* Source material:
========

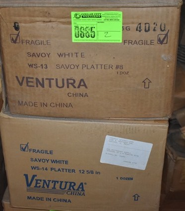 Lot of 1.5 cases Ventura Savoy White assorted size platters, approx 1 doz per case
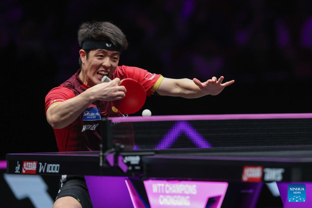 Qiu Dang of Germany hits a return during the men's singles quarterfinal match between Wen Ruibo of China and Qiu Dang of Germany at the WTT Champions Chongqing 2026 in southwest China's Chongqing, March 14, 2026. (Xinhua/Huang Wei)
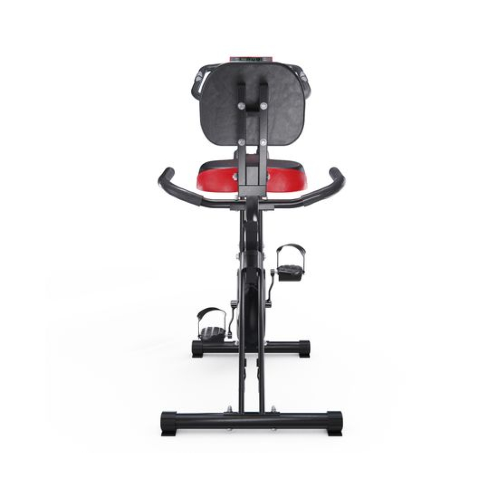 Велотренажёр DFC X-Bike MBB LS623X со спинкой подходит для пользователей весом до 120 килограмм. Он имеет складную конструкцию, что облегчает хранение и транспортировку.С магнитной системой нагрузки и 8 уровнями механической регулировки, вы можете подобрать оптимальный уровень нагрузки для вашей тренировки. Эспандеры для рук включены в комплектацию, чтобы вы могли проработать мышцы верхней части тела.На поручнях находятся сенсорные датчики пульса, которые позволяют контролировать ваш сердечный ритм во время тренировки. Монохромный ЖК-дисплей показывает время, скорость, пройденное расстояние, сожженные калории, одометр и ваш пульс. Для работы дисплея требуются две батарейки типа “AA” или “AAA”, которые не входят в комплект. Батарейки устанавливаются в задний отсек консоли.

========

All lines from the line with "Qiu Dang of Germany hits" through the final line of the data, both included, are to be repeated exactly; no other lines and no pictures.

 Qiu Dang of Germany hits a return during the men's singles quarterfinal match between Wen Ruibo of China and Qiu Dang of Germany at the WTT Champions Chongqing 2026 in southwest China's Chongqing, March 14, 2026. (Xinhua/Huang Wei)
 Велотренажёр DFC X-Bike MBB LS623X со спинкой подходит для пользователей весом до 120 килограмм. Он имеет складную конструкцию, что облегчает хранение и транспортировку.С магнитной системой нагрузки и 8 уровнями механической регулировки, вы можете подобрать оптимальный уровень нагрузки для вашей тренировки. Эспандеры для рук включены в комплектацию, чтобы вы могли проработать мышцы верхней части тела.На поручнях находятся сенсорные датчики пульса, которые позволяют контролировать ваш сердечный ритм во время тренировки. Монохромный ЖК-дисплей показывает время, скорость, пройденное расстояние, сожженные калории, одометр и ваш пульс. Для работы дисплея требуются две батарейки типа “AA” или “AAA”, которые не входят в комплект. Батарейки устанавливаются в задний отсек консоли.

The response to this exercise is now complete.